Tweeënveertigste week (19- 25 januari)
In deze winterdonkerte is
de openbaring van haar eigen kracht
de sterke drijfveer van de ziel,
naar duisternissen haar te leiden
en vol verwachting te voorvoelen
door hartewarmte zintuig-openbaring.
Drieënveertigste week (26 januari -1 februari)
In diepten van de winter
wordt warm het ware geestelijke zijn;
het geeft de wereld-schijn
door hartekrachten zijn bestaansmacht;
de wereld-kou weerstaat steeds sterker
het zielsvuur binnenin de mens.
Vierenveertigste week (2-8 februari)
Bemachtigend nieuwe zintuigprikkels
vult zielehelderheid,
indachtig de voltrokken geestgeboorte,
de verwarrend kiemende wereldwording
met het scheppend willen van mijn denken.
Vijfenveertigste week (9-15 februari)
Gedachtemacht verstevigt zich,
verbonden met de geestgeboorte.
Zij laat de onbestemde zintuigprikkels
tot volle helderheid oplichten.
Als ziele-rijkdom
zich met de wereldwording wil verenigen,
moet zintuig-openbaring
het licht ontvangen van het denken.
Zesenveertigste week (16-22 februari)
De wereld dreigt te smoren
de in de ziel geboren kracht.
Kom nu, herinnering
uit geestelijke diepten stralend op.
versterk in mij het zien,
dat slechts met wilskracht
zichzelf in stand kan houden.
Zevenenveertigste week (23 februari-1 maart)
Vanuit de wereldschoot wil nu ontstaan,
de zintuigschijn verkwikkend, wordingslust.

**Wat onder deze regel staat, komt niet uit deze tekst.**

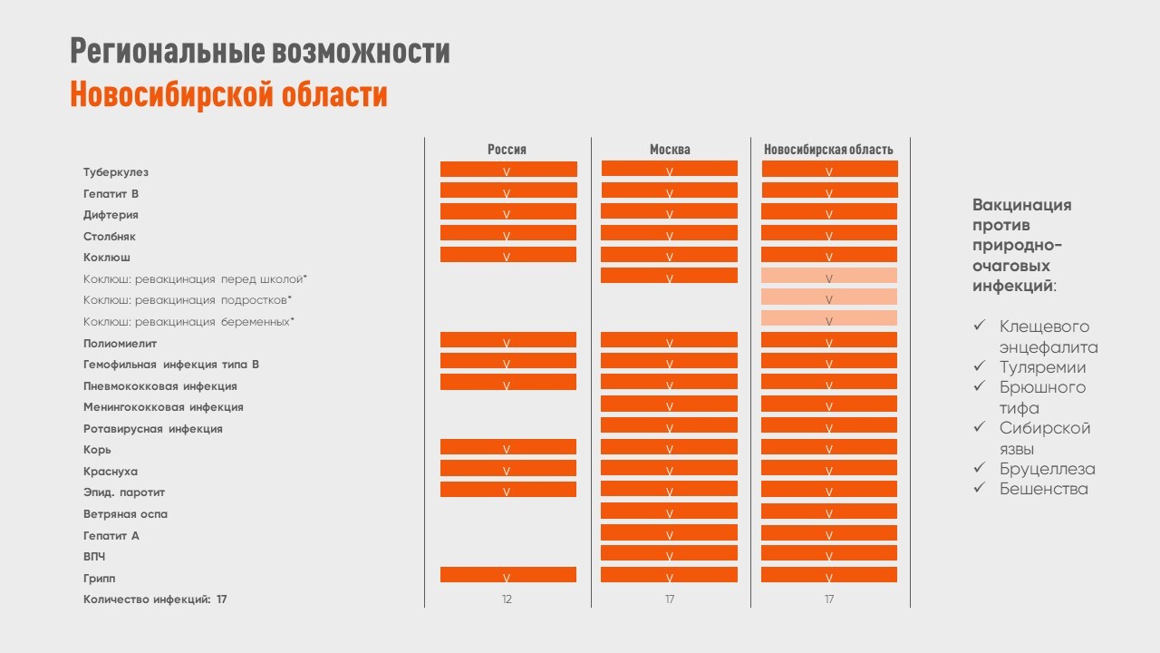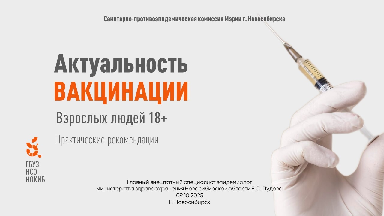 Санитарно‑противоэпидемическая комиссия мэрии г. Новосибирска и главный внештатный специалист‑эпидемиолог министерства здравоохранения Новосибирской области Е. С. Пудова предлагают познакомиться с презентацией «Актуальность вакцинации взрослых людей 18+».

Laat zij mijn denkkracht vinden,
met godenkrachten toegerust
die krachtig binnen in mij leven.
Achtenveertigste week (2-8 maart)
In het licht dat uit de wereld-hoogten
met macht wil stromen naar de ziel
moge verschijnen, ontwarrend zieleraadsels,
de zekerheid van het wereld-denken.
verzamelend zijn stralen-macht,
in mensenharten liefde wekken.
Negenenveertigste week (9-15 maart)
Ik voel de kracht van het wereld-zijn-
zo spreekt gedachte-helderheid,
indachtig eigen geestelijk groeien
in donkere wereldnachten,
en richt naar de nabije wereld-dag
hoopvolle innerlijke stralen.
Vijftigste week(16-22 maart)
Nu spreekt tot het mensen-ik,
zich machtig openbarend en
de krachten van zijn wezen vrijmakend,
de wordingslust van heel het zijn:
in jou mijn leven dragend
uit zijn betoverende ban,
bereik ik pas mijn ware doel.
Eenenvijftigste week, Lente-verwachting, (23-29 maart)
Diep binnenin het mensenwezen
wordt zintuig-rijkdom uitgestrooid;
de wereldgeest, hij vindt zichzelf
in het spiegelbeeld van het mensenoog,
dat nu zijn kracht uit hem
opnieuw moet scheppen.
Tweeënvijftigste week
Wanneer uit zielediepten
de geest zich wendt tot het wereld-zijn
en schoonheid opwelt uit de ruimtewijdten,
dan trekt uit hemelverten
de levenskracht het mensenlichaam binnen,
en verenigt machtig werkend
het geesteswezen met het mensen-zijn.